» What this task involves
Write out, word for word and with no pictures, each line below from the one containing "Crafted with a" through the one containing "2019年9月花卉宽月历(1920x1080) 壁纸", both included, and no other line.
___ The records ___
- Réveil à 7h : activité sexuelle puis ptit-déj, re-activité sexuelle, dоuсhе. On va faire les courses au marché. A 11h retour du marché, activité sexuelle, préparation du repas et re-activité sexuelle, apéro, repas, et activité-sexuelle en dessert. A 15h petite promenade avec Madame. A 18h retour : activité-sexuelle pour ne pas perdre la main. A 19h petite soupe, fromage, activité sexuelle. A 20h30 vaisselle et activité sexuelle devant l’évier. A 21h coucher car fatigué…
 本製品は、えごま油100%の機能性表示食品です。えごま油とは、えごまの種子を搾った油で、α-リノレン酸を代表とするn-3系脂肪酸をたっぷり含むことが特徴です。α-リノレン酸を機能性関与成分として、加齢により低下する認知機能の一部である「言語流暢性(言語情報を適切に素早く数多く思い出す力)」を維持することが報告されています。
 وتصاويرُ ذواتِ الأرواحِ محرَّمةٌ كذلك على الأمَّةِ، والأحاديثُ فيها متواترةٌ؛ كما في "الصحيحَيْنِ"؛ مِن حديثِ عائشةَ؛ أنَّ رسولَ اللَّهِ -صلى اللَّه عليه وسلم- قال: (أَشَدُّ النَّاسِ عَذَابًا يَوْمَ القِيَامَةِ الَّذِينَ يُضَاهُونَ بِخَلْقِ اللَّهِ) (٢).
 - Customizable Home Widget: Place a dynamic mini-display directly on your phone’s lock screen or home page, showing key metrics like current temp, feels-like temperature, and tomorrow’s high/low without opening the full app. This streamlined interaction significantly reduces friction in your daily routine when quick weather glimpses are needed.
___
___ The records ___
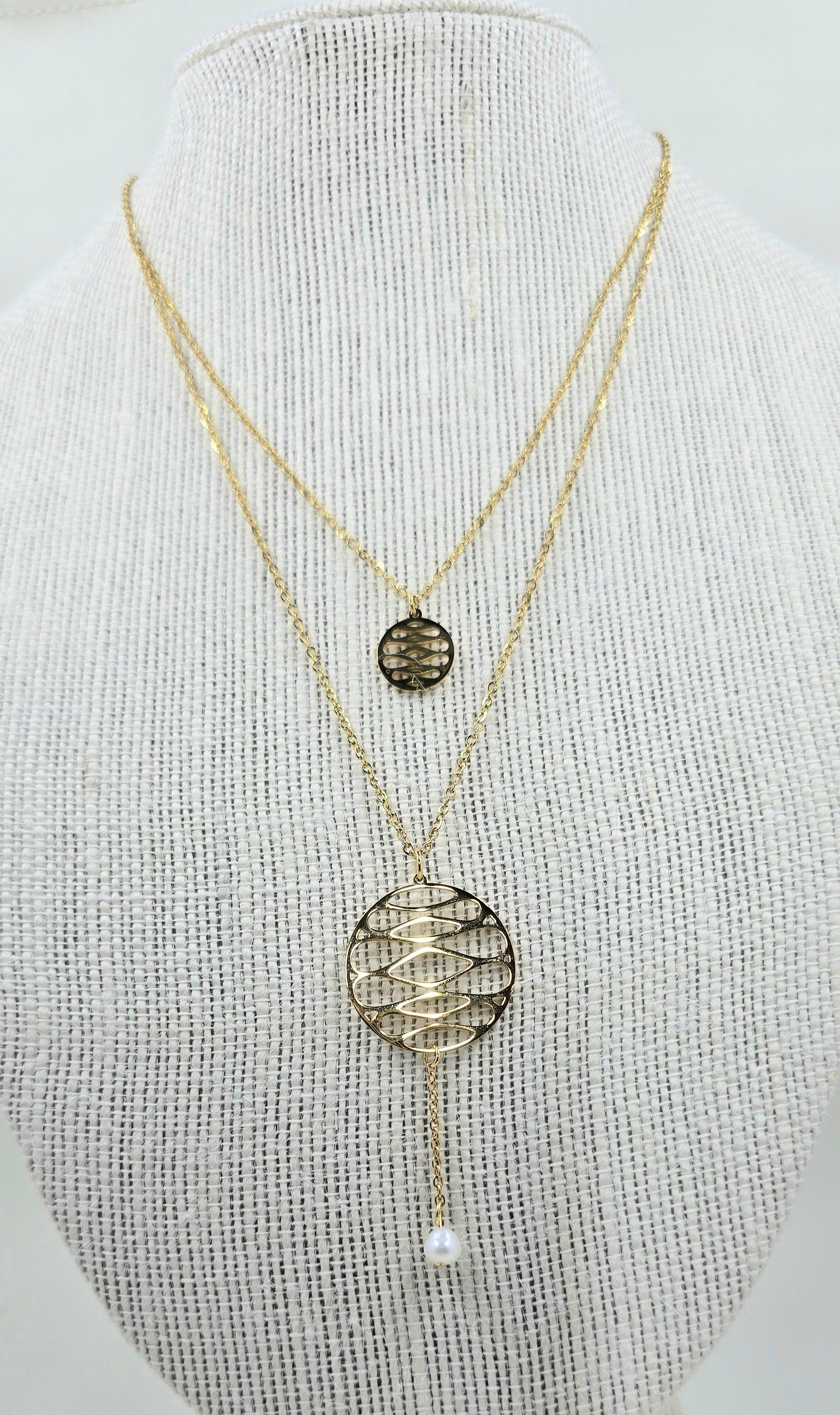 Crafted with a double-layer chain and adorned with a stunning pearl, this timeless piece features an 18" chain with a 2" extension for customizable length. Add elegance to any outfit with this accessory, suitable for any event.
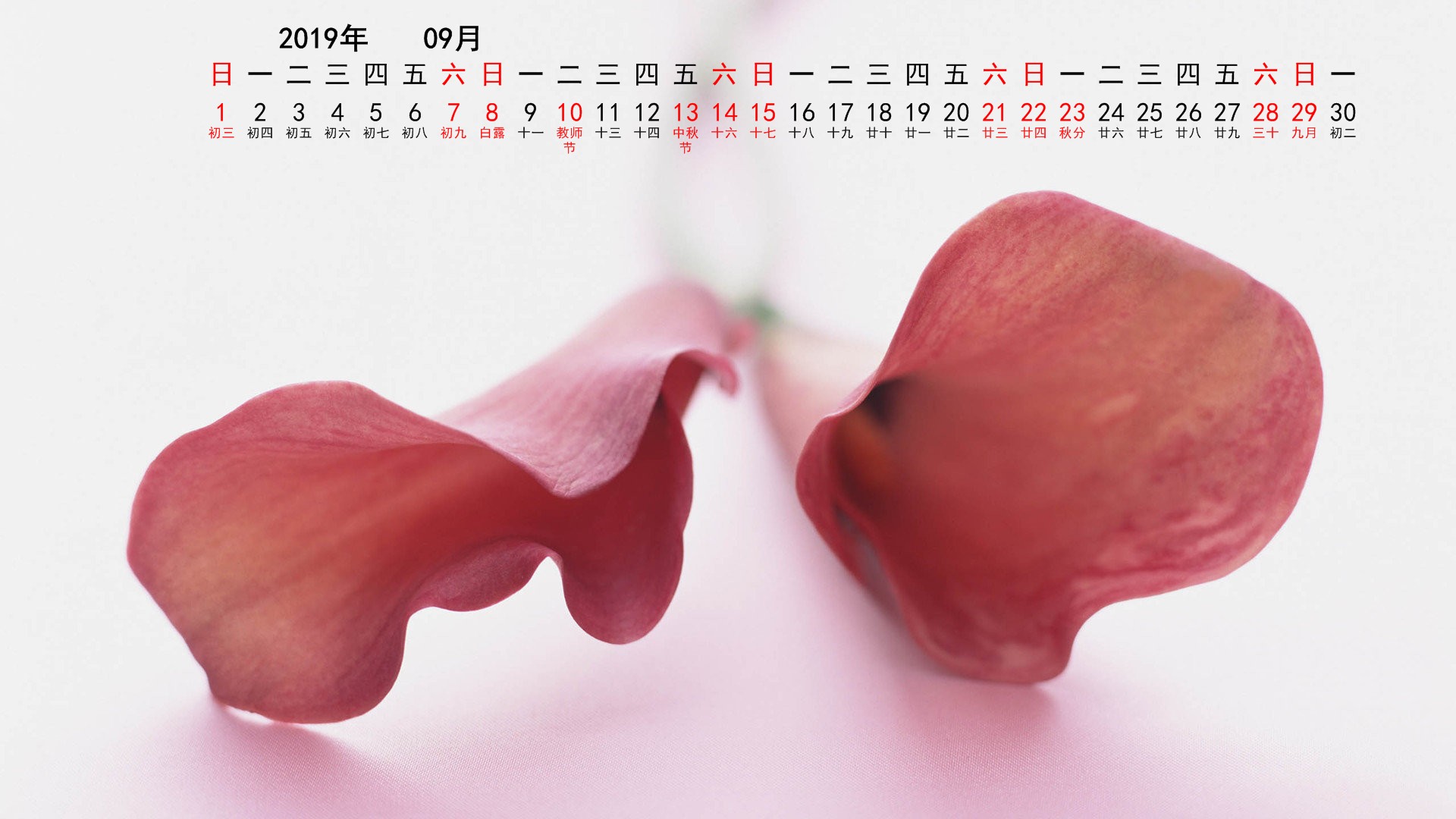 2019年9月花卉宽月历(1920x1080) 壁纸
___
___ The records ___
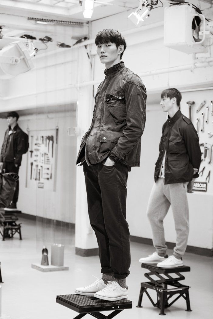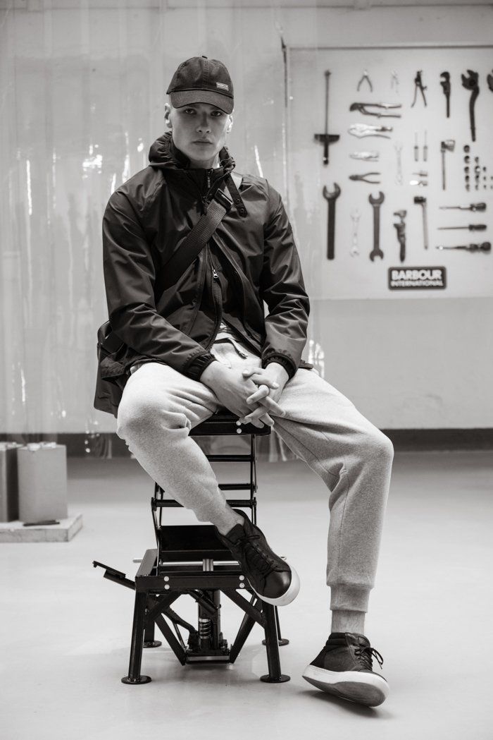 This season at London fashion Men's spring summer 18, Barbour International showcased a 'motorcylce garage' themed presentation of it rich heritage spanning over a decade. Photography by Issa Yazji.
___
» The answer
 Crafted with a double-layer chain and adorned with a stunning pearl, this timeless piece features an 18" chain with a 2" extension for customizable length. Add elegance to any outfit with this accessory, suitable for any event.
 2019年9月花卉宽月历(1920x1080) 壁纸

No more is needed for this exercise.